Given his lip-smacking relish for the agonizing unpeeling of familial pain, it's doubtful that Tracy Letts will be declared the official playwright of the state of Oklahoma any time soon. The Sooners already gave their hearts to that romantic 1943 musical set within their nascent borders, and nobody will want to see "August: Osage County" performed in the Tulsa schools.

But with this staggeringly ambitious -- and, for my money, staggeringly successful -- three-act domestic opus for the Steppenwolf Theatre Company, Letts has penned a major, not-to-be-missed new American work that eulogizes the perversely nurturing dysfunction of family life on the Plains as surely as it skewers the arid absurdities of its underpinning.And with the help of director Anna D. Shapiro, Letts has built a vehicle for the great Chicago actress Deanna Dunagan, who plays the caustic Weston family matriarch, presiding over a grown trio of sisters who've rushed home to Pawhuska to find out why their father, a sometime writer and constant drinker, has suddenly disappeared. Popping pills, telling truths and exploding her kids' inadequate defenses, Dunagan spits out the kind of brilliantly acidic performance that will be remembered in this town for years to come.

If you'll pardon the inherent overstatement and reductionism, "August" is like an Oklahoman "Long Day's Journey Into Night" shoved into a blender with Quentin Tarantino (with added Lillian Hellman and Jonathan Franzen syrups). Remarkably, the strangely sweet resultant milkshake re-energizes the great American tradition of the pseudo-memoir about growing up among the parental crazies, because it flavors its recognizable home truths with enough sin, lies and black comedy to keep your eyes popped out on stalks for nearly 3 1/2 hours.

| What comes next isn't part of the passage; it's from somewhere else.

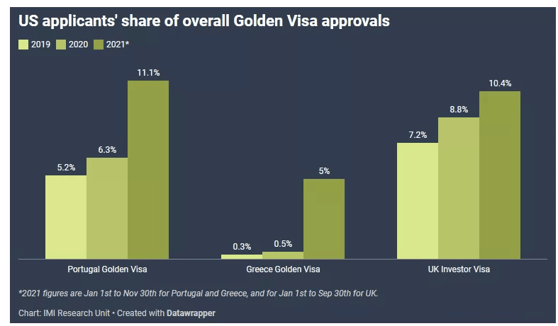 疫情后,美國人投資移民海外的興趣大幅提升,申請歐洲黃金簽證的美國人數量持續增長。

Until now, Letts ("Bug," "Killer Joe") was best known for the comic-gothic thriller. And "August" has recognizably cheeky parentage. Murder is always on the cards. Letts' actual father, Dennis Letts, plays the father who causes all this trouble. And to make the point that his signature Weston family lives on purloined land, Letts brazenly includes a Native American character, deliciously played by Kimberly Guerrero, who literally lives in the attic and comes down to do the white man's cooking.

Despite the inside jokes, the most impressive aspect of this unexpectedly compassionate play is its hubristic but immensely appealing attempt to explain the paradoxes of life that make people go bananas in the oft-forgotten middle of the country. Letts captures the dangerous paradoxes of educated, pseudo-academic lives led in the shade of fly-over State U's wholly unfriendly to the growth of ivy. "This is not the Midwest," asserts Barb Weston (Amy Morton, scintillating as the chief sister), as she walks reluctantly through the door of her childhood home. " Michigan is the Midwest, God knows why. This is the Plains: a state of mind, right, some spiritual affliction, like the blues?"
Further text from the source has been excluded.